→ **TASK TO CARRY OUT**:
An unchanged copy of all the lines below is expected, and it should contain no pictures.
++++ SOURCE DATA
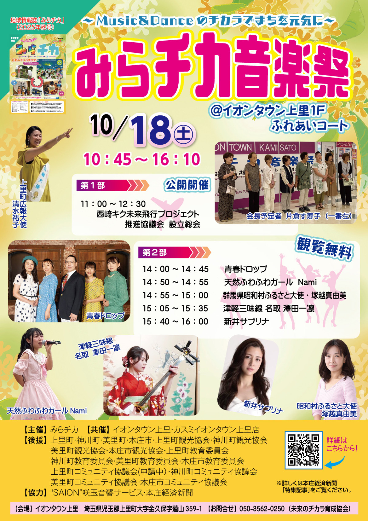 主催は地域情報誌を年4回発行する「みらチカ」、共催はイオンタウン上里、カスミイオンタウン上里店。
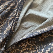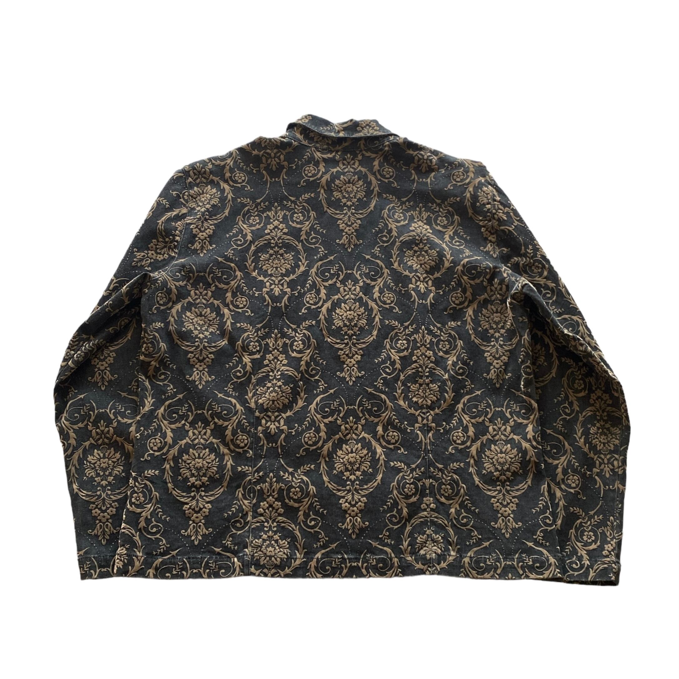 ほんのりフェードしたブラックのライトオンス目なストレッチデニム地に、フロッキーの総柄ボタニカルプリント、短丈ボックス目なシルエットが非常に格好良い一着。
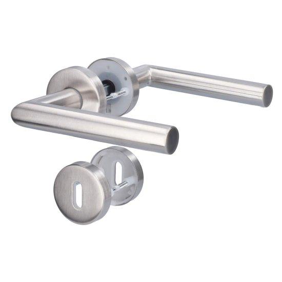 Ürün, L şeklinde tasarlanmış ergonomik bir kol ve yuvarlak bir rozetten oluşmaktadır. Paslanmaz çelik malzemesi sayesinde oldukça dayanıklıdır ve uzun yıllar kullanılabilir. Cilalı yüzeyi hem estetik hem de hijyenik bir görünüm sağlar.
++++++++
→ **ANSWER BOX**:
 主催は地域情報誌を年4回発行する「みらチカ」、共催はイオンタウン上里、カスミイオンタウン上里店。
 ほんのりフェードしたブラックのライトオンス目なストレッチデニム地に、フロッキーの総柄ボタニカルプリント、短丈ボックス目なシルエットが非常に格好良い一着。
 Ürün, L şeklinde tasarlanmış ergonomik bir kol ve yuvarlak bir rozetten oluşmaktadır. Paslanmaz çelik malzemesi sayesinde oldukça dayanıklıdır ve uzun yıllar kullanılabilir. Cilalı yüzeyi hem estetik hem de hijyenik bir görünüm sağlar.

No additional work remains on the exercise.